**TASK DIRECTIONS**
Give back exactly the lines starting at the one with "Stěny zahradního domku" and ending at the last line of the data below. Pictures are not part of the copy.

**INFORMATION SHOWN**
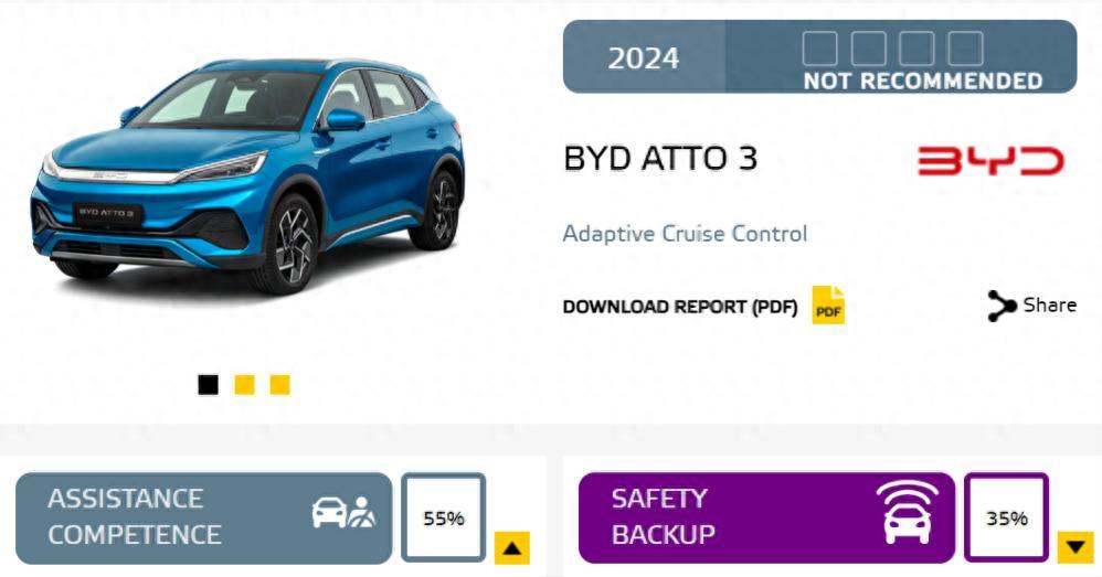 至于早前在2022年Euro NCAP碰撞測試上獲得五星安全評級的比亞迪Atto 3則在這次的駕駛輔助系統評測中被評為 “不推薦”。Euro NCAP指比亞迪Atto 3的自適應巡航表現欠佳,在遇到障礙物時無法有效剎車,并且在長時間沒有操作后,關閉轉向支持,但依舊保持速度控制,令駕駛員無法即時做出反應。
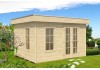 Stěny zahradního domku jsou vyrobené z 28 mm tlusté kulatiny. Podlaha je vyrobena z 19 mm tlustých desek pokládaných na impregnovaný základ. Tloušťka střešního bednění činí 19 mm. Celý domek je opatřen zásuvným a šroubovacím systémem pro snadnější montáž. Balení obsahuje dostatečné množství střešní lepenky k pokrytí na 1 vrstvu. Střecha štítu vpředu přesahuje o 40 cm na ostatních stranách o 20 cm.
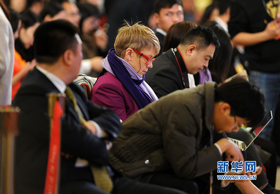 3月16日上午,國務(wù)院總理李克強(qiáng)在人民大會(huì)堂三樓金色大廳會(huì)見采訪十二屆全國人大四次會(huì)議的中外記者并回答記者提出的問題。圖為早早趕到記者會(huì)現(xiàn)場(chǎng)的各路媒體記者。新華網(wǎng)/中國政府網(wǎng) 陳競超 攝

**RESPONSE BELOW**
 Stěny zahradního domku jsou vyrobené z 28 mm tlusté kulatiny. Podlaha je vyrobena z 19 mm tlustých desek pokládaných na impregnovaný základ. Tloušťka střešního bednění činí 19 mm. Celý domek je opatřen zásuvným a šroubovacím systémem pro snadnější montáž. Balení obsahuje dostatečné množství střešní lepenky k pokrytí na 1 vrstvu. Střecha štítu vpředu přesahuje o 40 cm na ostatních stranách o 20 cm.
 3月16日上午,國務(wù)院總理李克強(qiáng)在人民大會(huì)堂三樓金色大廳會(huì)見采訪十二屆全國人大四次會(huì)議的中外記者并回答記者提出的問題。圖為早早趕到記者會(huì)現(xiàn)場(chǎng)的各路媒體記者。新華網(wǎng)/中國政府網(wǎng) 陳競超 攝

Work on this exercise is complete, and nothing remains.